#### [Exercise aim]
Return all the data below as it stands, minus the pictures.

#### [Information shown]
:::::

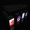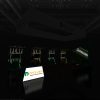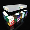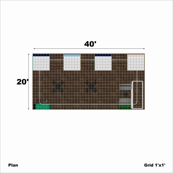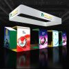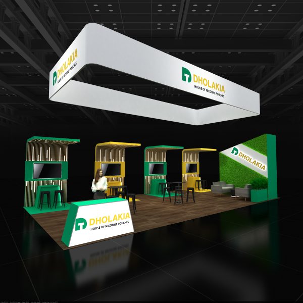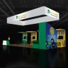 Vibrant 20×40 booth with wood flooring, bold green-yellow demo pods featuring TVs and bar stools, overhead branding fascia, reception counter, central networking tables, and cozy lounge with green wall and planters.
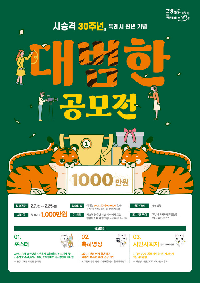 [부자동네타임즈 김인수기자] 고양시가 2022년 고양시 시승격 30주년 및 고양특례시 출범 원년을 맞이해 ‘대범한 공모전’을 개최한다. 공모 주제는 고양시 시승격 30주년과 고양특례시 출범 원년을 기념하기 위한 ①포스터 ②축하영상 ③시민사회자 등 세 개 분야다.
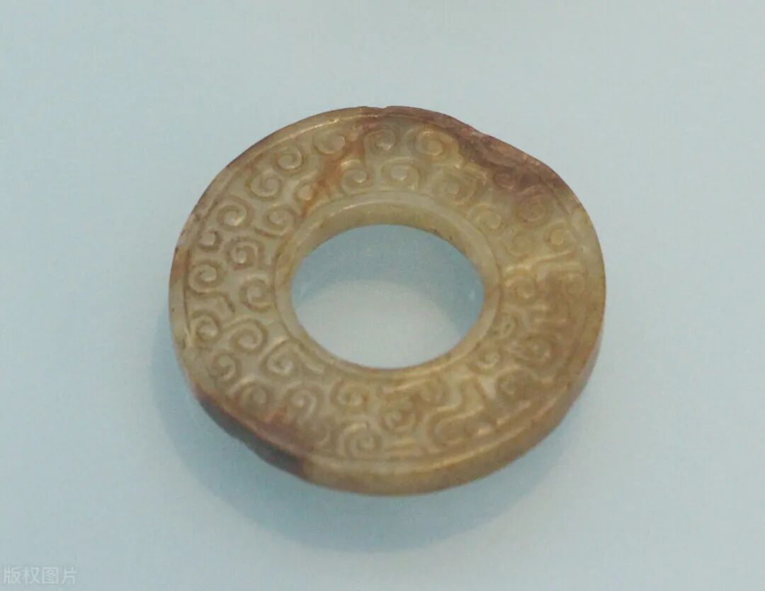 高古玉收藏,由于目前属于不可流通的门类,所以国内其实价格并不高。再加上以安徽蚌埠为首的仿高古玉制品泛滥,所以大多数收藏爱好者对其几乎不接触,也就谈不上收藏了。但有一类高古玉,却在市场上有机会捡漏,这一块就是商周(西周)时期的高古玉器。为什么呢?图为青白玉瑗,网上给出的出处是殷墟,但这种玉瑗似乎一般为东周春秋时期风格。这也是谷纹,但和战国汉代时期的减地阳文的谷纹玉璧一类器物有明显不同,只用单线勾勒出了线条轮廓。
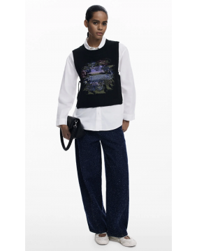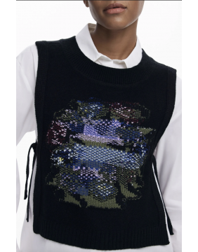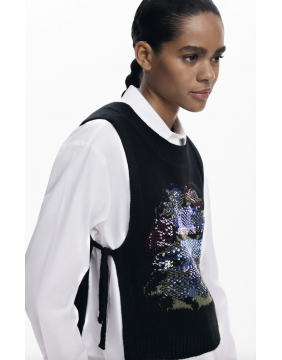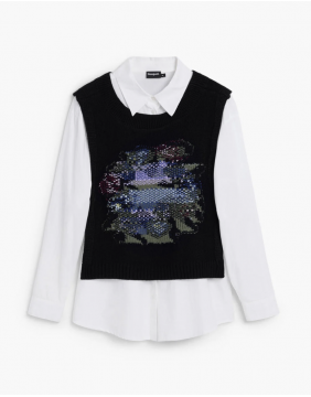 A classic white cotton shirt with an abstract floral, removable knitted tie-side tank top. A really fun and versatile piece that you can mix and match to your hearts content!

:::::

#### [Solution below]
 Vibrant 20×40 booth with wood flooring, bold green-yellow demo pods featuring TVs and bar stools, overhead branding fascia, reception counter, central networking tables, and cozy lounge with green wall and planters.
 [부자동네타임즈 김인수기자] 고양시가 2022년 고양시 시승격 30주년 및 고양특례시 출범 원년을 맞이해 ‘대범한 공모전’을 개최한다. 공모 주제는 고양시 시승격 30주년과 고양특례시 출범 원년을 기념하기 위한 ①포스터 ②축하영상 ③시민사회자 등 세 개 분야다.
 高古玉收藏,由于目前属于不可流通的门类,所以国内其实价格并不高。再加上以安徽蚌埠为首的仿高古玉制品泛滥,所以大多数收藏爱好者对其几乎不接触,也就谈不上收藏了。但有一类高古玉,却在市场上有机会捡漏,这一块就是商周(西周)时期的高古玉器。为什么呢?图为青白玉瑗,网上给出的出处是殷墟,但这种玉瑗似乎一般为东周春秋时期风格。这也是谷纹,但和战国汉代时期的减地阳文的谷纹玉璧一类器物有明显不同,只用单线勾勒出了线条轮廓。
 A classic white cotton shirt with an abstract floral, removable knitted tie-side tank top. A really fun and versatile piece that you can mix and match to your hearts content!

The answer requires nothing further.